Впервые за всё время Барсуков назвал срок, который вписывался в наш график. Не с запасом — впритык, по лезвию, с точностью до недели. Но с этим уже можно работать.
— Понял, — сказал я. — Благодарю, Фёдор Владимирович.
Барсуков кивнул.
— Ваш отец — упрямый человек, — добавил он. Это прозвучало не как жалоба и не как комплимент. Скорее — как констатация природного явления. Вроде «вода мокрая» или «камень тяжёлый».
— Семейная черта, — ответил я.
— Я заметил, — отозвался тренер и позволил себе нечто, отдалённо напоминающее усмешку, и ушёл в подсобное помещение.
Аудиенция была окончена.
Я помог отцу подняться, и мы вышли на улицу. Мартовский Петербург встретил нас сырым ветром с Невы и серым небом, которое, впрочем, было уже не зимне-серым, а весенне-серым — тонкая разница, которую понимает только человек, проживший в этом городе достаточно долго.
Штиль ждал у машины. Увидев нас, открыл заднюю дверь и молча отступил.
В машине отец откинулся на подголовник и закрыл глаза. Молчал минуту, а потом, не открывая глаз, произнёс:
— Твоя спираль работает, Саша. Без неё я бы топтался на месте ещё полгода.
— Это не моя заслуга, — ответил я. — Ты сам пробил этот барьер. Метод — всего лишь инструмент. Голова и руки ведь твои.
Отец открыл глаза и посмотрел на меня, усмехнулся.
— Дипломат из тебя вышел бы отличный. Впрочем, из тебя что угодно бы вышло отличное — ты весь в мать.
Я перевёл разговор на практику — сантименты имеют свойство расползаться, как плохо закреплённый воздушный контур. Лучше замкнуть их в конкретику.

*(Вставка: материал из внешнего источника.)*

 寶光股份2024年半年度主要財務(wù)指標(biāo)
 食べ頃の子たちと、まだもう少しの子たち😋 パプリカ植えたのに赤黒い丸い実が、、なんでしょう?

— Девятый ранг нужен не как медаль на стену, отец. Настройка артефактных контуров на яйце потребует мастера девятого ранга. Без этого комиссия может отклонить работу по формальным основаниям. Барсуков говорит — конец мая реально. Значит, у нас есть окно.
Отец кивнул. Штиль вырулил на Каменноостровский проспект. За окном проплывали особняки и деревья, ещё голые, но уже с набухшими почками — весна подкрадывалась к городу, как вор к ювелирной витрине: осторожно, но неотвратимо.

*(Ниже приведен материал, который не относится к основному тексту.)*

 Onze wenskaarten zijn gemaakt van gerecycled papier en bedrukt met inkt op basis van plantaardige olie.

— Кстати, Саша, — отец вдруг сменил тон. Усталость никуда не делась, но в голосе появилась деловая нотка — та самая, которую я научился распознавать за полтора века общения с людьми, принимающими решения. — Есть ещё один вопрос, который мы откладывали слишком долго.
— Слушаю.
— Твой ранг. Точнее — его отсутствие.
Я промолчал. Знал, к чему он клонил.
— Ты сейчас формально — шестой ранг, — продолжал отец. — Для текущих задач мастерской этого хватает. Работа с самоцветами низшего порядка, базовые контуры, вспомогательные операции. Но для императорского заказа этого недостаточно.
Я посмотрел в окно. Мимо проплывала Петровская сторона — деревья, ограды, тишина. Где-то там, за этими оградами, стояли особняки, в которых люди не знали проблем с бюрократией. Или, по крайней мере, имели достаточно слуг, чтобы не замечать их.
Полтора века опыта. Девятый ранг в прошлой жизни. Руки, которые создавали шедевры для императорских дворов Европы. А формально — шестой ранг и отсутствие допуска к камням, которые я мог бы огранить с закрытыми глазами.
Абсурд, но таковы правила. И если я хочу выиграть по правилам — придётся по ним играть.
— Ты нужен мне на проекте, Саша, — вздохнул отец. — Не только как координатор, но и как мастер. Я намерен поручить тебе контроль работ с самоцветами среднего порядка. Но без седьмого ранга это невозможно.
— Значит, будет, — отозвался я. — Когда ближайшая сессия?
— Через две недели. Нужно подать заявку через Гильдию.
Полтора века назад я принимал экзамены. Теперь — сдаю. Жизнь, при всей своей предсказуемости, иногда умеет изобретать изысканные формы иронии.
— Хорошо. Сегодня же подам заявку. К теории я подготовлюсь за три вечера. Практика… — я позволил себе улыбку, — надеюсь, не подведёт.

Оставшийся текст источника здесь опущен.